Defining the relevant market be it the product market or the geographic market is required for complaints under Sec. 4. Complexities arise in case of monopolies on account of legal provisions or statutes such as distribution licensees under the Electricity Act, 2003 or a government company or a public sector unit. These monopolies come under Sec. 19)4) (g) but does the legal sanctity give them the right to indulge in abuse of dominance? The abuse of dominance here can be as a monopsonist and not as a monopolist. Defining and determining market power only gets more complex starting with simple questions of dominance for whom and what. It maybe noted that under the definition of enterprise under Sec 2(h) enterprise includes government department, enterprises unless related to sovereign function of the Government and is therefore under the purview of the Competition Act.

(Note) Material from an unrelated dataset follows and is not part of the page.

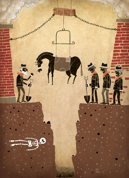 Baldomero Lillo percibe un extractivismo común en la mina, con la tierra y los vivos. Pero distingue lo que le ocurre al subsuelo respecto de los seres biológicos. Hermana el destino de los mineros con el caballo, porque en ambos se ha erosionado y desgastado la espontaneidad, potencialidad e inteligencia animal. Se los ha vuelto inválidos.

Applicability of Competition Law
1. Different from MRTP commission
First thing that entrepreneurs must note is that Competition Law is conceptually different from MRTP. It is because of this reason that the law makers considered it necessary to make a new law instead of just amending the MRTP Act.
MRTP Commission never had power to stop restrictive trade practices. However, Competition law has given sufficient powers to CCI to ensure that an enterprise which indulges in anti-competitive practices suffers serious consequences. For instance, if you and your competitors indulge in cartelization, CCI can impose, upon all the participants of your cartel, a penalty of up to three times of the profits for each year of your existence or ten percent of your turnover for each year of continuance of cartel, whichever is higher.

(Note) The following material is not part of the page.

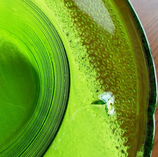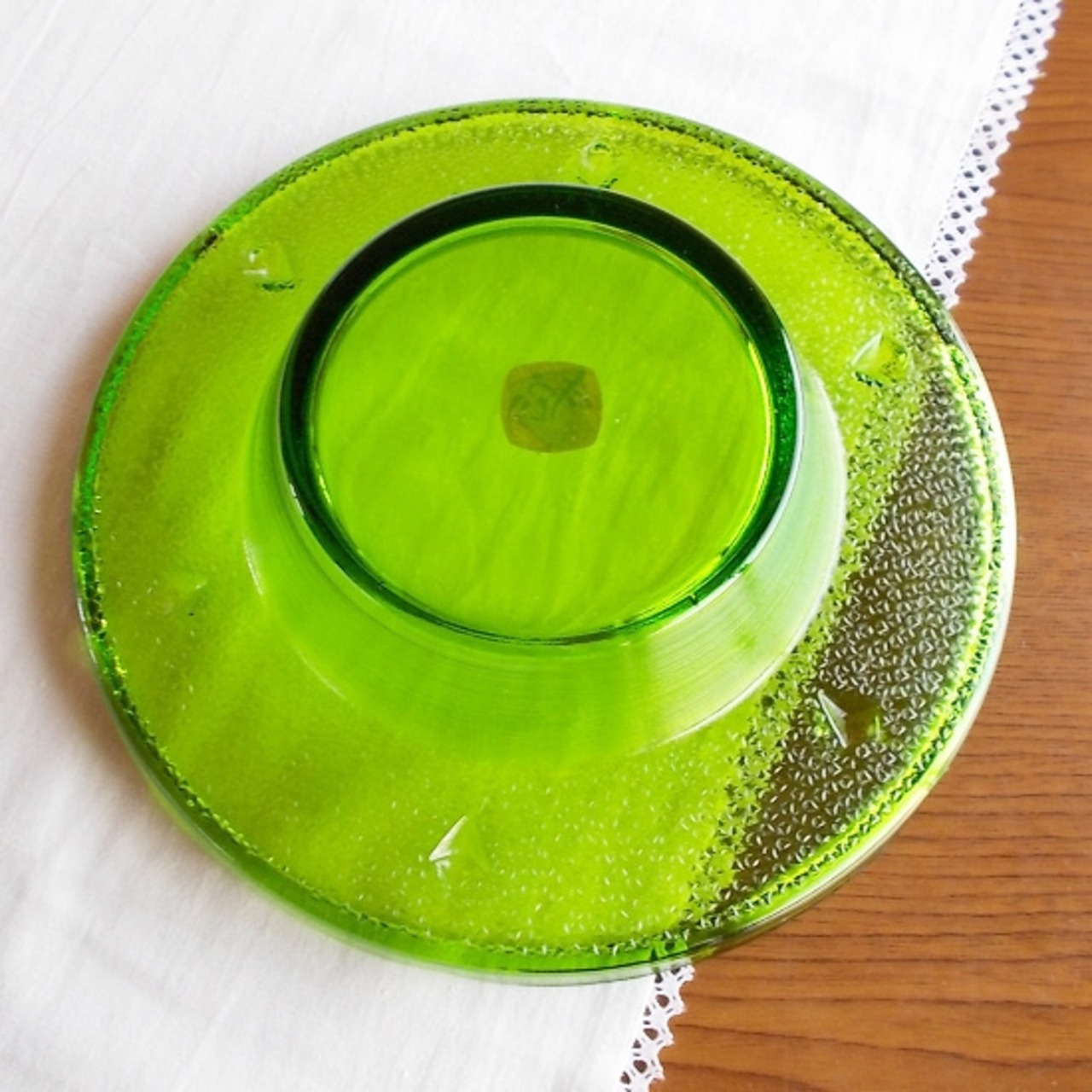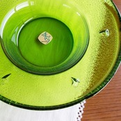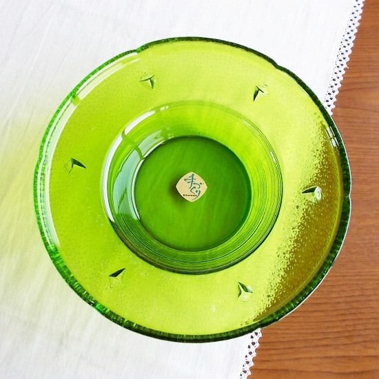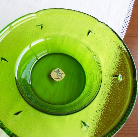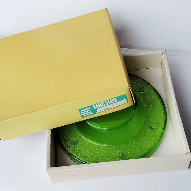 昭和中期には、色ガラスのどっしりとした灰皿がとても流行しました。今では灰皿はあまり使われなくなってきていますが、とてもきれいなグリーンですので、テーブルセンターに飾ったり、水をはって水盤に、お花をいけてみても面白いかもしれませんね♪

2. Extra-territorial Jurisdiction of CIC.
Law on Competition in India gives extra-territorial jurisdiction to CCI. What it means is that even if you are operating outside India, if your anti-competitive activity has or is likely to have an palpable adverse effect on the competition in India, CCI can initiate investigation against your activities and if necessary pass orders against you, just as if may pass orders against any other domestic enterprise.

3. Scope of the CIC
Competition law has given wide scope to CIC. It does not matter what sector you are operating in. As long as your activities can potentially have an appreciable adverse effect on Competition in the relevant market in India, you should be concerned about the new law.

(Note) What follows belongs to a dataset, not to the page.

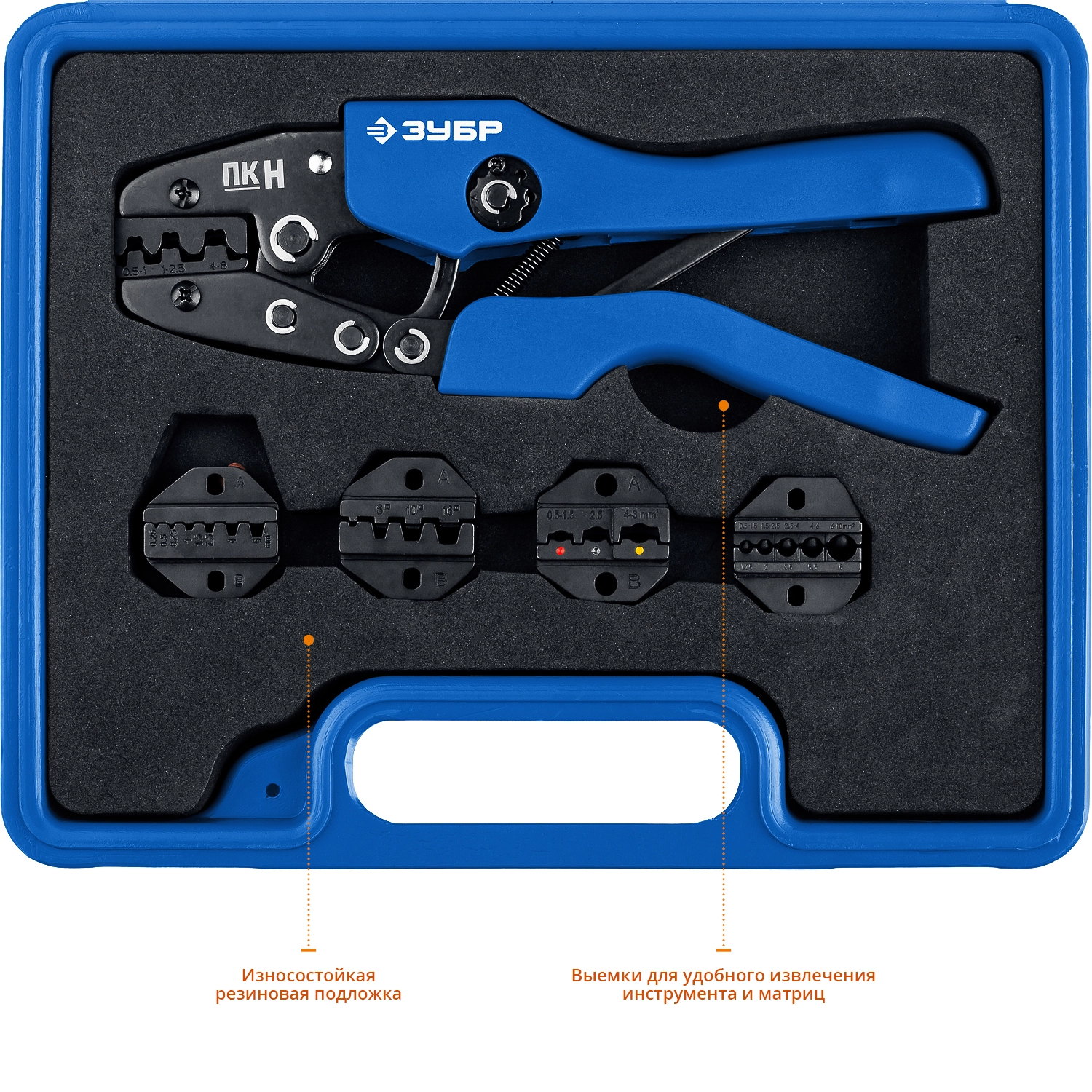 ПроизводителиНабор: пресс-клещи, 5 матриц, в кейсе, ПК-Н "Профессионал" (45455) ЗУБР

4. Lifting of Corporate Veil
Competition law gives statutory permission to CCI for lifting the corporate veil. When the entity contravening the provisions of competition law is a company or a firm, every person who was in charge and responsible to the company (director, manager, secretary or any other officer) during the relevant period shall be deemed guilty and would be liable to be proceeded against and punished under the law.

5. Regulatory Power
CCI has also been given the mandate to regulate combinations. Though Combination per se has not been defined in the Competition law but includes the following, when they exceed the threshold limits specified in the Act in terms of assets or turnovers:
? Acquisition of controls, shares, voting rights or assets;
? Acquisition of control by a person over an enterprise where such person has control over another enterprise engaged in competing business;
? Merger or amalgamation between or amongst enterprises
Any entity which proposes to enter into a Combination has to notify CCI and seek its approval before entering the Combination.